The most common themes in my dreams are that I'm somewhere that I don't want to be, I'm being chased by someone wanting to kill me, or murder is taking place and I'm trying to stop it.
There was one particular dream that stood out from all the other wacky, confusing dreams. In my dream, I found out that a company was killing people and making profit off of them. I figured that I was the only one who could stop it, so I tried to investigate. There was a mean woman from the company who came after me with a knife, and If I didn't kill her, she would kill me. You can assume what I did in response. For a while I didn't want to consider what this dream meant, but when I did I was very glad. Usually death or murder in a dream means that you're letting go of a part of yourself, or a part of your old life is ending. If only I had considered that earlier! The past few weeks have been painful, because of all the changes. These changes aren't vain, because they're helping me to change.
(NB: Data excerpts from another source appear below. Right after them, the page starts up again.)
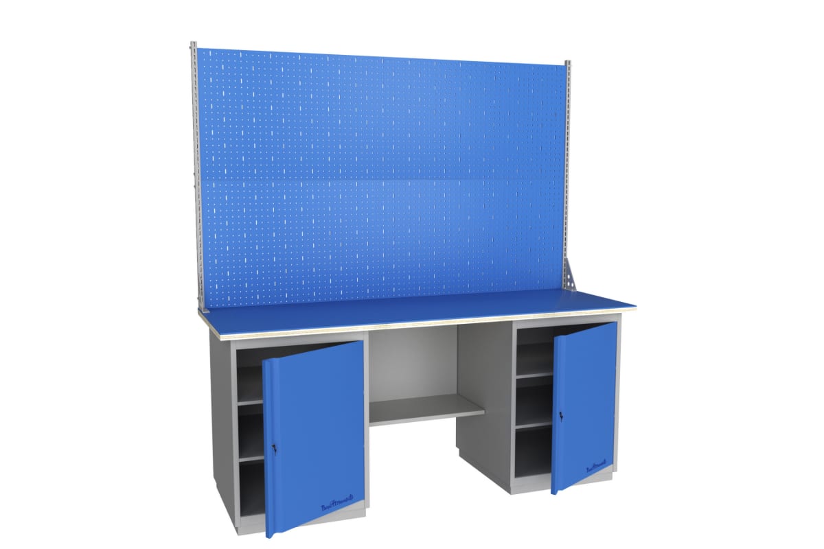 Верстак Верстакофф GRAND 2000 Т Т Э2 117032 позволяет уверенно производить различные технологические операции в слесарной мастерской или производственном цеху. Столешница изготавливается из фанеры с покрытием из листового метала и обладает устойчивость к износу. Стол оснащается двумя тумбами для хранения в необходимой очередности документов или мелких деталей. Дополнительная полка внизу стола подходит для размещения рабочего инструмента или личных вещей оператора.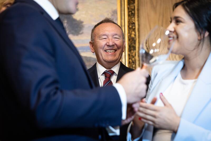 En su intervención, el Mandatario habló de política internacional, pero también anécdotas históricas que han unido ambos países, por ejemplo, el Carmenere, cepa de origen francés presuntamente extinta por una plaga de filoxera en 1867, que se redescubrió en Chile en 1994. También mencionó que todas las ciudades de Chile tienen una calle que recuerda a la conspiración independentista de los tres Antonios -grupo conformado por dos franceses y un criollo a fines del Siglo XVIII- antes del proceso emancipatorio de 1810.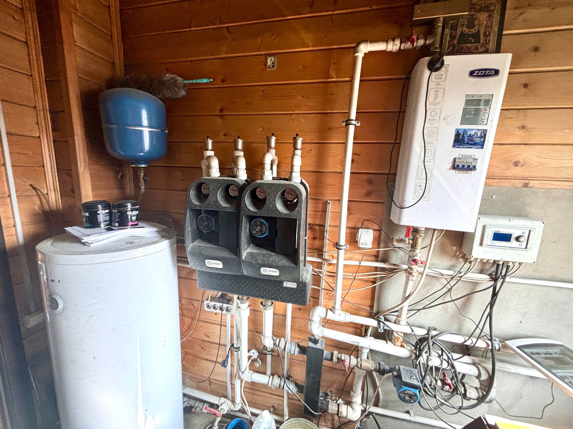Система отопления -газовой котел, твердотопливный котел ( древесный уголь), электрический котел.

In the Talmud, Brachos volume 2, Daf 33 Amud A, Rabbi Ami had said; "If someone does not have understanding, it is forbidden to have mercy on him". In the side notes, a second statement of his was mentioned in which he said, "One should not have compassion for someone who denies that his suffering is meant to stir him to repentance." Maybe the truth about why I am suffering right now is along with the changes that are happening, the suffering is to push me to change in other ways, deeply in my character.
The problem is that a lot of people don't look deeply into their dreams because they assume that because they're "not real", they don't have "real" meanings. Well, they certainly do, and Rebbe Nachman kept a dream journal and interpreted his dreams. The Zohar tells, "A dream uninterpreted is a letter unopened".
When people complain that G-d doesn't respond to them when they pray, I tell them that maybe they're not listening. Since we're not on a prophetic level like Moshe, we don't get to hear Hashem speak. But He is indeed "speaking". Some people I tell this don't want to listen. They get frustrated with me and say I don't "hear" anything; sometimes they say that I just imagine He's responding. B"H that He gave us dreams, because with these He sends us messages we otherwise would not receive. Dreams aren't to be taken lightly! Since I've been having these creepy dreams I've been recording them on paper, and I try to interpret them. It's been helpful to "hear" these messages. Don't ignore them.